Sunday, December 24, 2006

Ed. Notes Has No (Great) Expectations

While rummaging through the Feb. '02 edition of Ed Notes I came across this article. The Exec Bd meeting referred to probably took place in Jan. '02 and Randi Weingarten was hinting that someone was leaking info from the meetings to the NY Post, looking at me while she said it. If anyone was leaking it was surely her people, if not she herself. This was a very short time after Bloomberg was elected and the honeymoon was still on, which by the way I still think never really ended no matter what has been said. A great cartoon if you just change the location and author. (Any photoshop experts out there who want to take a shot?)

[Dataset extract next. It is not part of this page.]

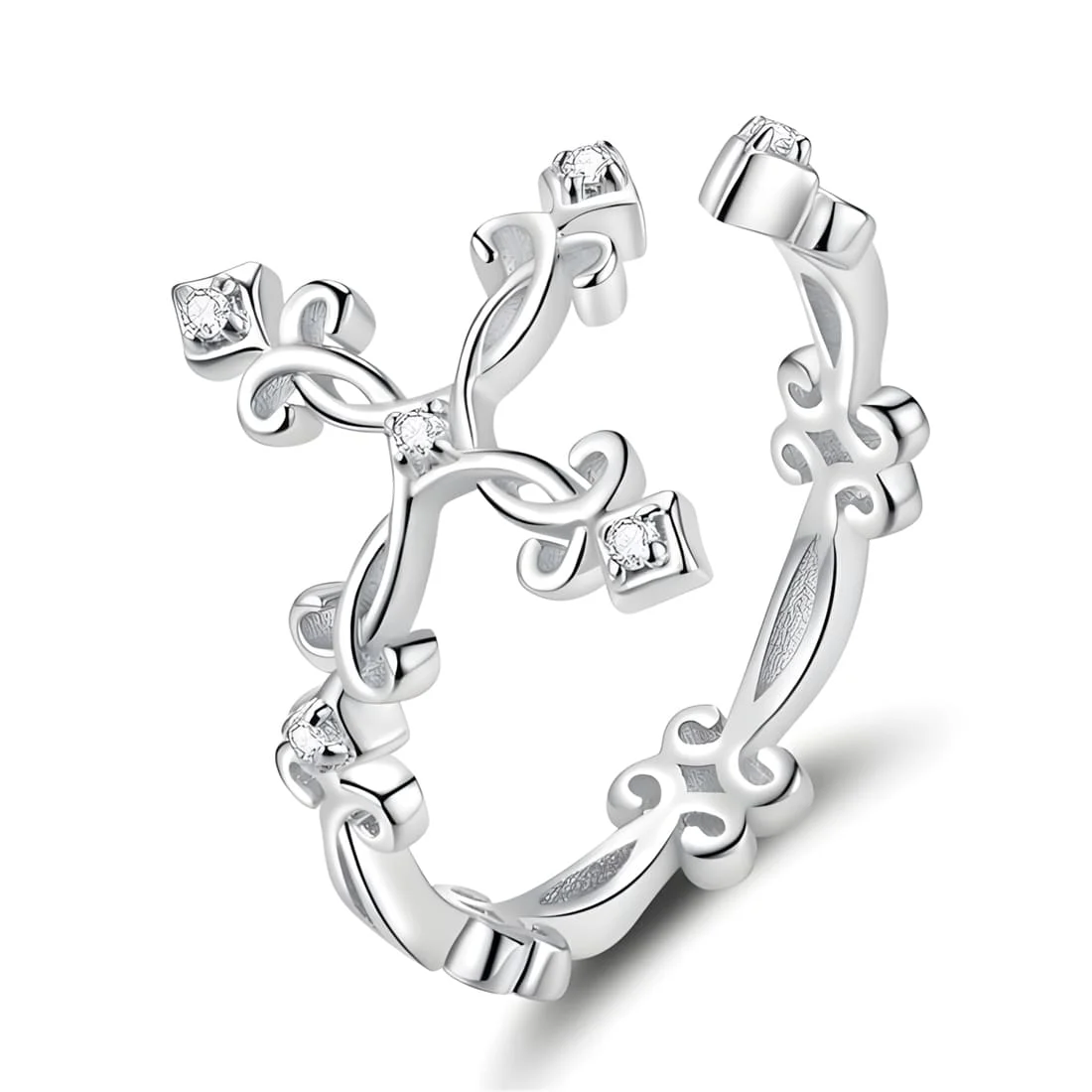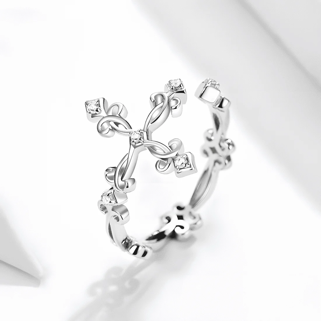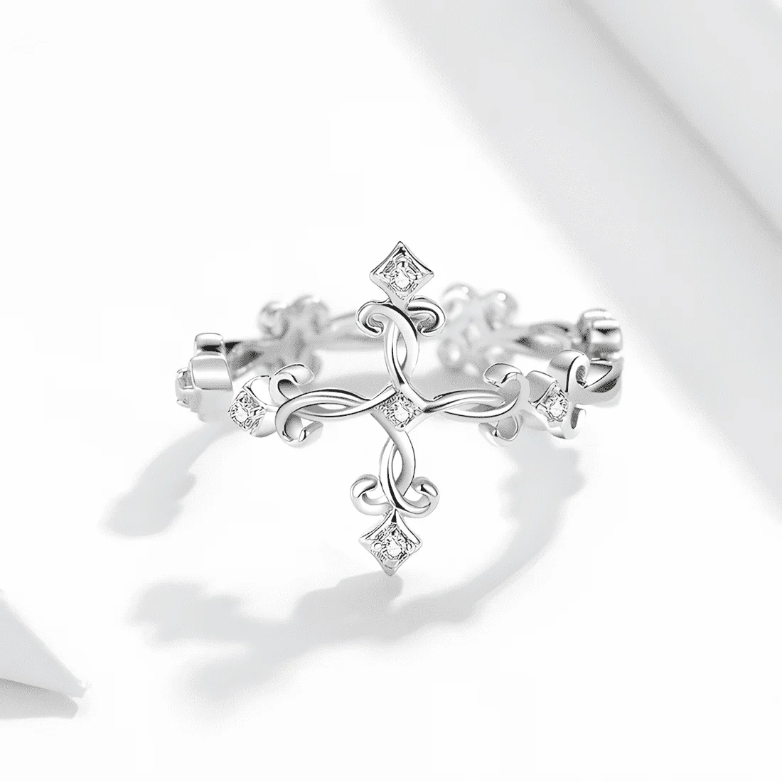 Ancient Cross Ring 925 Sterling Silver, white gold plated, with cubic zirconia – adjustable

At a recent Ex. Bd. meeting, Randi Weingarten made some comments regarding Ed. Notes. She seemed to feel that Ed. Notes was holding her to certain [unattainable?] standards. Or perhaps she assumed the laptop computer being used by the Ed. Notes reporter had a direct link to the NY Post.

Weingarten should be assured that Ed. Notes holds her to no standards.
We know that there will never be changes in the Taylor Law, no matter how many of our endorsed candidates get elected.
We have no expectations that she will deliver a contract with anything of substance other than money.
She will continue the tradition of her predecessors of promoting a contract that has been basically unchanged in over 30 years.
We don’t expect her to address the horrendous working conditions, the demoralization of teachers (Will a big raise really solve THAT problem?), the large class sizes, the negative impact of testing, etc., etc., etc.
We do not expect her to try to find long-term solutions to the many problems that teachers and schools face.
We do expect her to continue to put the bulk of our union’s energy into short term crisis management and into the political arena.
By the way: the Ed. Notes reporter was playing Solitaire on the laptop and wasn’t even listening. We’ve heard it all before.

Ed Notes Reprint Feb. 02


  1. I'm gonna have to take exception that the contract was unchanged for thirty years. We've had some improvements, to wit:

    1. the UFT transfer plan
    2. reduction of lunchroom duty to only once every six years
    3. the elimination of lunchroom duty, along with hall duty and potty patrol

    I'm sure there are many others I haven't thought of. However, we've also had some setbacks:

    1, the elimination of the UFT transfer plan
    2. the re-introduction of lunch, hall and potty duty as permanent assignments
    4. the 37.5 minute sixth class (the one that is not a class)
    5. School in August
    6. The inability to grieve LIF
    7. the Absent Teacher Reserve

    I'm sure there are others. But we are definitely seeing changes in the contract.

  2. NYC,
    My memory is sketchy about contract changes through the years, but writing that in early '02, and never having not been accused of using just a bit of hyperbole,

    I was focused on things like class size, the grievance procedure (now worse than it was 35 years ago), the ability of teachers to have more say in their schools, early stages of erosion of seniority rigts, and general working conditions.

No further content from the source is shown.